Distribution of haplogroup L of Y-cromosome
Modern distribution of haplogroup L-M20

Genetically, Harappan skeletons belong to haplogroup L-M20, which today is found primarily in Pakistan and the west coast of India:

In Pakistan, it has highest frequency in Baluchistan.[2] In India, it has higher frequency among Dravidian castes, but is somewhat rarer in Indo-Aryan castes.[3] They make a case for an indigenous origin of L-M76 in India, by arguing that the spatial distributions of both L-M76 HG frequency and associated microsatellite variance show a pattern of spread emanating from southern India. By linking haplogroup L-M76 to the Dravidian speakers, they simultaneously argue for an Indian origin of Dravidian languages (Sengupta 2006).

There is apparently some controversy over whether the invading Indo-Europeans (who brought the Sanskrit language to India) drove the Harappans out of Pakistan and into India.
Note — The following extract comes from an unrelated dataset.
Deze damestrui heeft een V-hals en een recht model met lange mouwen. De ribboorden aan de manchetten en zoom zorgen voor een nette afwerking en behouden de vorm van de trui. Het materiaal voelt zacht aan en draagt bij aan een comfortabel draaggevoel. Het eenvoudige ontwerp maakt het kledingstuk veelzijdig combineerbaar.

India’s a big place that can absorb a lot of people, but it looks to me like many of the Harappans stayed put.

Mohenjo-Daro
Mohenjo-Daro, Pakistan

Meanwhile, in Mohenjo-Daro:

The Citadel – a mud-brick mound around 12 metres (39 ft) high – is known to have supported public baths, a large residential structure designed to house about 5,000 citizens, and two large assembly halls. The city had a central marketplace, with a large central well. Individual households or groups of households obtained their water from smaller wells. … Some houses … include rooms that appear to have been set aside for bathing, and one building had an underground furnace (known as a hypocaust), possibly for heated bathing. Most houses had inner courtyards, with doors that opened onto side-lanes. Some buildings had two stories.[citation needed]
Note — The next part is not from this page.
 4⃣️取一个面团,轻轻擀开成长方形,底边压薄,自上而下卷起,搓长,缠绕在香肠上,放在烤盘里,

The Great Bath of Mohenjo-daro
The Great Bath of Mohenjo-Daro

In 1950, Sir Mortimer Wheeler identified one large building in Mohenjo-daro as a “Great Granary”. Certain wall-divisions in its massive wooden superstructure appeared to be grain storage-bays, complete with air-ducts to dry the grain. … However, Jonathan Mark Kenoyer noted the complete lack of evidence for grain at the “granary”, which, he argued, might therefore be better termed a “Great Hall” of uncertain function.[13] Close to the “Great Granary” is a large and elaborate public bath, sometimes called the Great Bath. From a colonnaded courtyard, steps lead down to the brick-built pool, which was waterproofed by a lining of bitumen. The pool measures 12 metres (39 ft) long, 7 metres (23 ft) wide and 2.4 metres (7.9 ft) deep. … Other large buildings include a “Pillared Hall”, thought to be an assembly hall of some kind, and the so-called “College Hall”, a complex of buildings comprising 78 rooms, thought to have been a priestly residence.[citation needed]

Mohenjo-daro had no series of city walls, but was fortified with guard towers to the west of the main settlement, and defensive fortifications to the south. … Mohenjo-daro was successively destroyed and rebuilt at least seven times. Each time, the new cities were built directly on top of the old ones. Flooding by the Indus is thought to have been the cause of destruction.[citation needed]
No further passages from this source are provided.